Segment Open
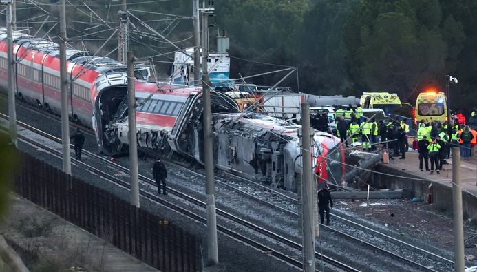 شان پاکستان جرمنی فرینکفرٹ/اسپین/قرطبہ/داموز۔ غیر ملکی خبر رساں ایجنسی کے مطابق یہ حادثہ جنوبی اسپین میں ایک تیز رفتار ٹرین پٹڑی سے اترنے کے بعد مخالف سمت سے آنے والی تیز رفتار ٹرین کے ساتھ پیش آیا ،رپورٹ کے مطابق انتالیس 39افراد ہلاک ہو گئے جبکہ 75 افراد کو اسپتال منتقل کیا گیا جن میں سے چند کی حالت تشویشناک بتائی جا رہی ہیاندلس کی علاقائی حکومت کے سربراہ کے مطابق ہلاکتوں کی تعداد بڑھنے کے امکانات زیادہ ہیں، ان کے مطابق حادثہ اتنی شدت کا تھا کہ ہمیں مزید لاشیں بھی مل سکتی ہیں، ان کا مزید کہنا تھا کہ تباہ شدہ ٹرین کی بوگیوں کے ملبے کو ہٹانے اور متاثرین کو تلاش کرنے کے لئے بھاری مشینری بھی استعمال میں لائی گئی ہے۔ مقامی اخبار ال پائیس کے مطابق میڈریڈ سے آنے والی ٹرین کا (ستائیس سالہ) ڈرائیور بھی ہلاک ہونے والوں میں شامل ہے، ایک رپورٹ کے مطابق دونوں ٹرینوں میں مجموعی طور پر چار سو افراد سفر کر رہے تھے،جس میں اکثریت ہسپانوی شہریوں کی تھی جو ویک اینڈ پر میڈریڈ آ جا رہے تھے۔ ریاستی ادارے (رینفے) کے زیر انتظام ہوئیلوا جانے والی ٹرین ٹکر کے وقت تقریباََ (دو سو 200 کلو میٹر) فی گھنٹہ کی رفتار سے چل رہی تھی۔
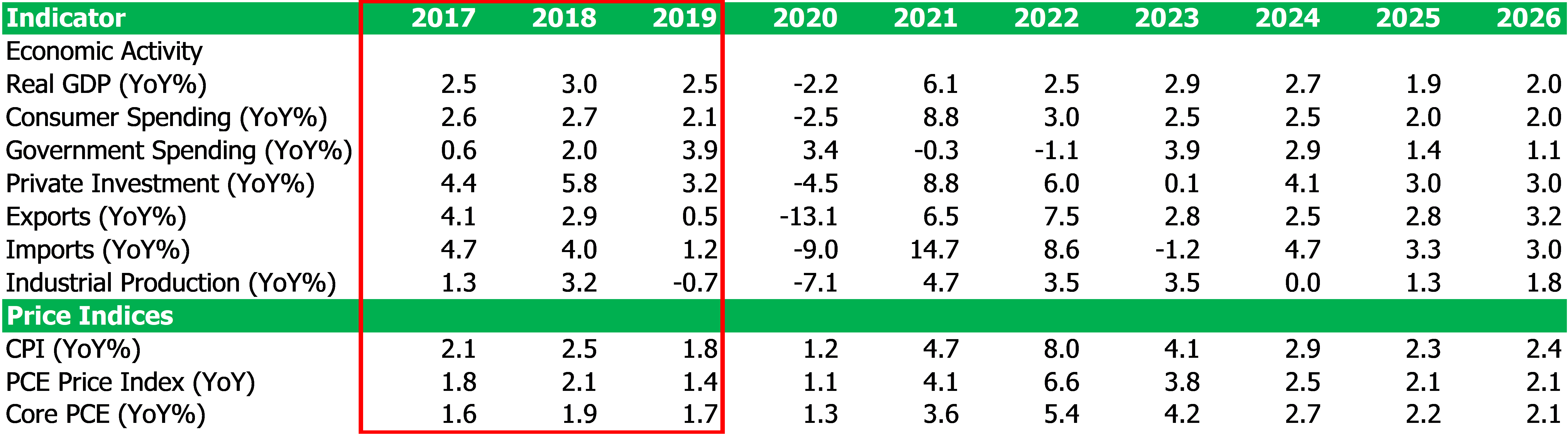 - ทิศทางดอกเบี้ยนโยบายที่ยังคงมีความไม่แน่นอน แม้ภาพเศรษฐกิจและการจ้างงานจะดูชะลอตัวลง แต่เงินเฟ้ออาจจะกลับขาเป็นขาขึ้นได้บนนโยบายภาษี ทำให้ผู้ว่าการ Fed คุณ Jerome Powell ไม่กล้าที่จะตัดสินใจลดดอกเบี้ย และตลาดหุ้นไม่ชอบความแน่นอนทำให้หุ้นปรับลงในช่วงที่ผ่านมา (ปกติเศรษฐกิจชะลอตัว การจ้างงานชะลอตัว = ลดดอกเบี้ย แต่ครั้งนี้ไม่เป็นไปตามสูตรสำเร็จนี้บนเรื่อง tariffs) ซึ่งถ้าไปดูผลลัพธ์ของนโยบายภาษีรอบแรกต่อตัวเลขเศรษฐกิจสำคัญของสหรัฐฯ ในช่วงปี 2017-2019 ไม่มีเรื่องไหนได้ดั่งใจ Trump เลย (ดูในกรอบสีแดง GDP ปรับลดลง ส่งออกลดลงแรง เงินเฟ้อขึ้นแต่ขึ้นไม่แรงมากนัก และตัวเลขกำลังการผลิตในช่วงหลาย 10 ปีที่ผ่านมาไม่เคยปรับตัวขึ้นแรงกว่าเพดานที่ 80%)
Segment Closed
Segment Open
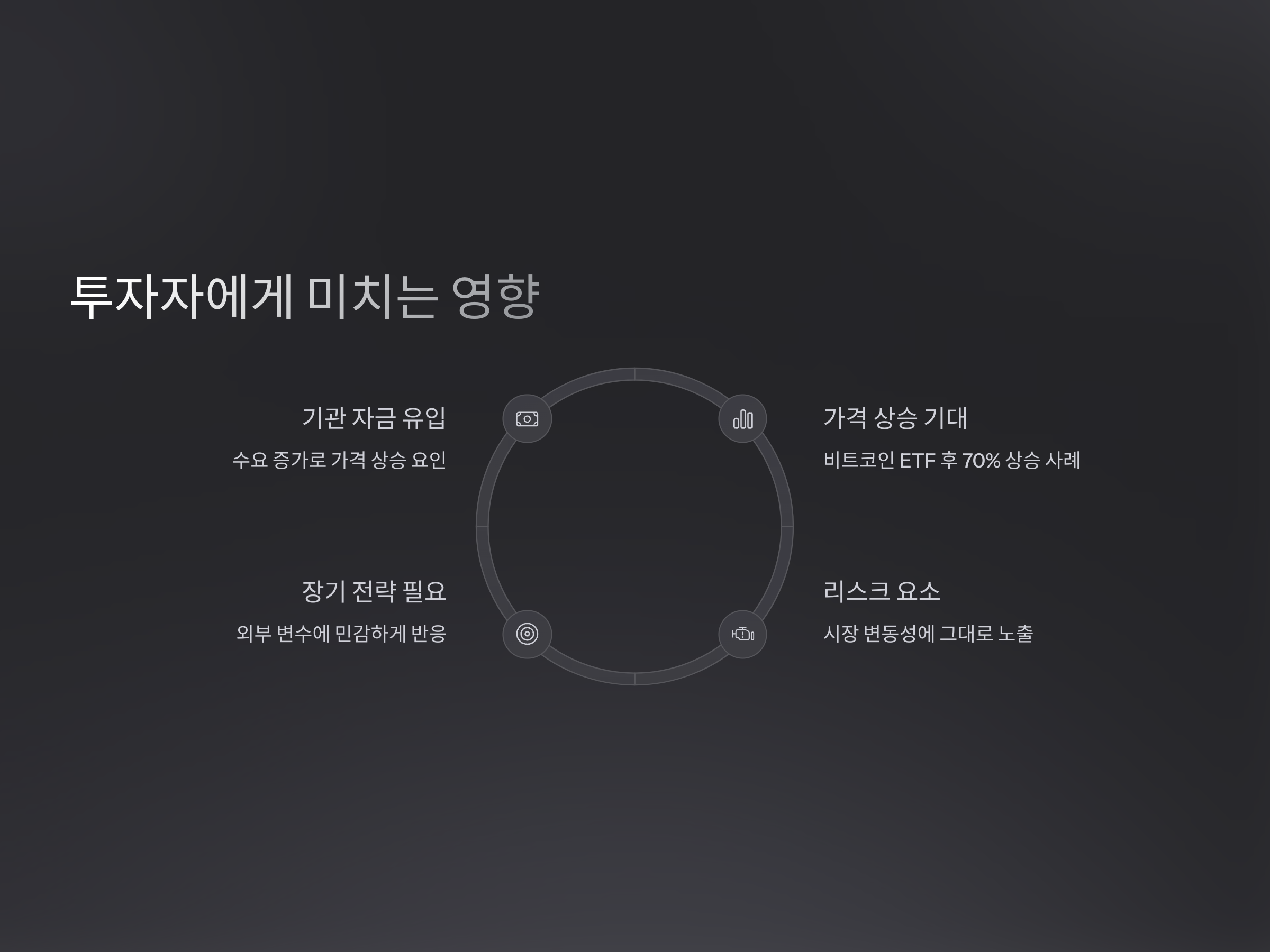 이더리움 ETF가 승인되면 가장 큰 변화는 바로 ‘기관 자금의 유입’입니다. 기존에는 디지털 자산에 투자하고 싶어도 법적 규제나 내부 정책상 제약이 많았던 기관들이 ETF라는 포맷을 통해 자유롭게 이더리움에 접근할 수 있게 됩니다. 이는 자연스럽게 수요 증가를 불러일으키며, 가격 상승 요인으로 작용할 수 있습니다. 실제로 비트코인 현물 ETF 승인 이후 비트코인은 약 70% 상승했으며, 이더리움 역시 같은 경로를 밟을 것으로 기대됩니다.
Segment Closed
* [Aim of the task]:
Pictures do not belong in the answer. Return the lines above starting at the one with "شان پاکستان جرمنی" and ending at the one with "10 ปีที่ผ่านมาไม่เคยปรับตัวขึ้นแรงกว่าเพดานที่ 80%)", both kept, exactly.

* [Answer area]:
 شان پاکستان جرمنی فرینکفرٹ/اسپین/قرطبہ/داموز۔ غیر ملکی خبر رساں ایجنسی کے مطابق یہ حادثہ جنوبی اسپین میں ایک تیز رفتار ٹرین پٹڑی سے اترنے کے بعد مخالف سمت سے آنے والی تیز رفتار ٹرین کے ساتھ پیش آیا ،رپورٹ کے مطابق انتالیس 39افراد ہلاک ہو گئے جبکہ 75 افراد کو اسپتال منتقل کیا گیا جن میں سے چند کی حالت تشویشناک بتائی جا رہی ہیاندلس کی علاقائی حکومت کے سربراہ کے مطابق ہلاکتوں کی تعداد بڑھنے کے امکانات زیادہ ہیں، ان کے مطابق حادثہ اتنی شدت کا تھا کہ ہمیں مزید لاشیں بھی مل سکتی ہیں، ان کا مزید کہنا تھا کہ تباہ شدہ ٹرین کی بوگیوں کے ملبے کو ہٹانے اور متاثرین کو تلاش کرنے کے لئے بھاری مشینری بھی استعمال میں لائی گئی ہے۔ مقامی اخبار ال پائیس کے مطابق میڈریڈ سے آنے والی ٹرین کا (ستائیس سالہ) ڈرائیور بھی ہلاک ہونے والوں میں شامل ہے، ایک رپورٹ کے مطابق دونوں ٹرینوں میں مجموعی طور پر چار سو افراد سفر کر رہے تھے،جس میں اکثریت ہسپانوی شہریوں کی تھی جو ویک اینڈ پر میڈریڈ آ جا رہے تھے۔ ریاستی ادارے (رینفے) کے زیر انتظام ہوئیلوا جانے والی ٹرین ٹکر کے وقت تقریباََ (دو سو 200 کلو میٹر) فی گھنٹہ کی رفتار سے چل رہی تھی۔
 - ทิศทางดอกเบี้ยนโยบายที่ยังคงมีความไม่แน่นอน แม้ภาพเศรษฐกิจและการจ้างงานจะดูชะลอตัวลง แต่เงินเฟ้ออาจจะกลับขาเป็นขาขึ้นได้บนนโยบายภาษี ทำให้ผู้ว่าการ Fed คุณ Jerome Powell ไม่กล้าที่จะตัดสินใจลดดอกเบี้ย และตลาดหุ้นไม่ชอบความแน่นอนทำให้หุ้นปรับลงในช่วงที่ผ่านมา (ปกติเศรษฐกิจชะลอตัว การจ้างงานชะลอตัว = ลดดอกเบี้ย แต่ครั้งนี้ไม่เป็นไปตามสูตรสำเร็จนี้บนเรื่อง tariffs) ซึ่งถ้าไปดูผลลัพธ์ของนโยบายภาษีรอบแรกต่อตัวเลขเศรษฐกิจสำคัญของสหรัฐฯ ในช่วงปี 2017-2019 ไม่มีเรื่องไหนได้ดั่งใจ Trump เลย (ดูในกรอบสีแดง GDP ปรับลดลง ส่งออกลดลงแรง เงินเฟ้อขึ้นแต่ขึ้นไม่แรงมากนัก และตัวเลขกำลังการผลิตในช่วงหลาย 10 ปีที่ผ่านมาไม่เคยปรับตัวขึ้นแรงกว่าเพดานที่ 80%)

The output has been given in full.